Доски, щепки, упаковки, пластик и жесть, неоновые лампы, швабры, провода, обломки мебели, изредка – сарделька или огурец. Требования к зрителю у Бьорна – скромнее, чем можно ожидать от неодадаиста: его работы не акцентируют мессианскую амбицию изменить мироздание одним жестом. Это примеры новой эпистемологической эстетики: модели того, что принято представлять о Вселенной, сделанные из того, чем упорядочивают арендуемые у нее квадратные метры повседневности. Как «черная дыра» пять метров в диаметре: пучок из бревен, лопат и арматуры с вкраплениями домашней утвари разной степени изношенности. Когда-то здесь была звезда и, может быть, планеты; теперь ненужные стройматериалы и хозтовары сжались вокруг пустого центра, влекомые принципом, известным в социальной космологии как «имплозия».

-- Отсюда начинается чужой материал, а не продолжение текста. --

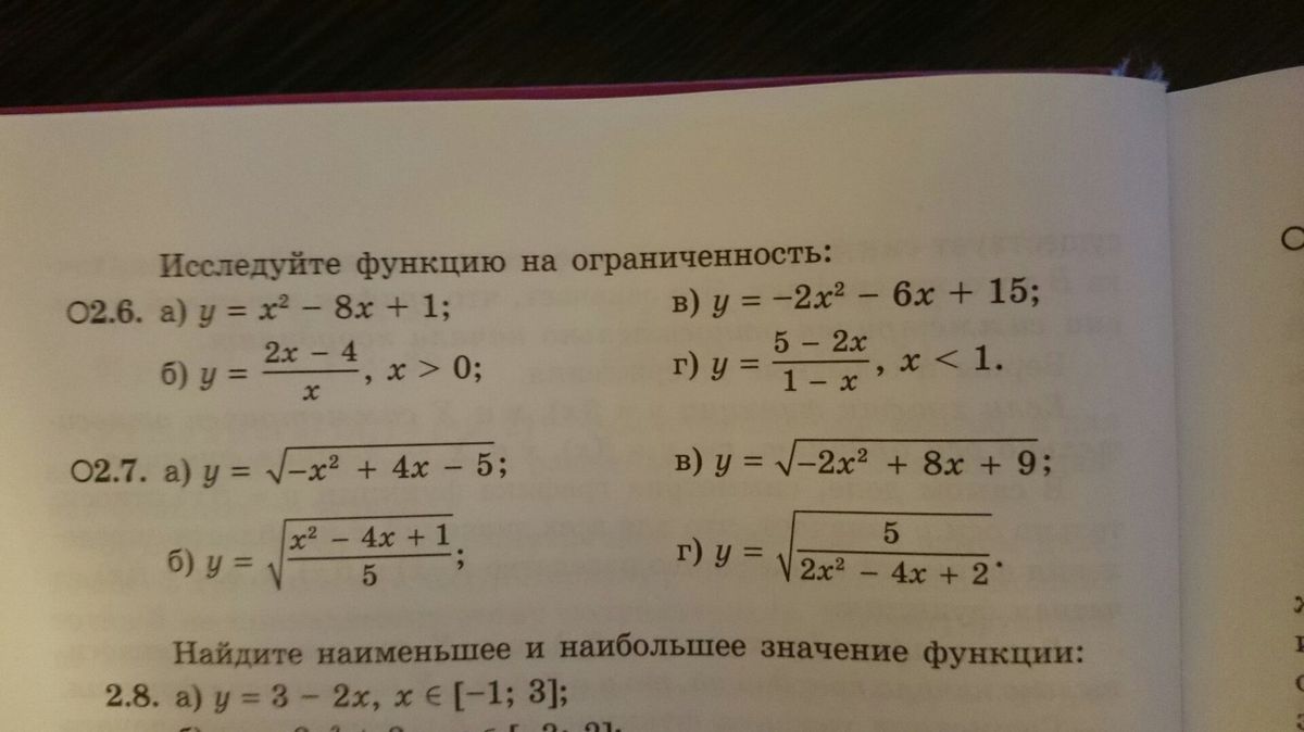 Парабола, ветви который идут вверх (коэффициент при старшей степени положительный). Соответственно, сверху не ограничена. Снизу ограничена. Найдём вершину параболы:

Дух времени – это двойник технических возможностей коммуникационных сетей. Постсовременность питается продуктами распада модернистского императива дискурсивной гигиены. Воля к Ничто растворилась, чтобы действовать на молекулярном уровне: вместо больших войн – стратагемы успеха, вместо фронтального героизма – фрактальный оппортунизм, вместо риторик противостояния – маркетология различий. Базовое политическое различие «друг-враг» стало материей инфопотоков, незримым перемигиванием ноля/единицы. Переходы между возможным и действительным составляют предмет интереса эпистемологической эстетики, сталкивающей уникальность эмоционального факта с системами знаний и программ. Утопическое обещание, составляющее силу искусства, сегодня должно переоткрывать действительность как лишь одну из возможностей.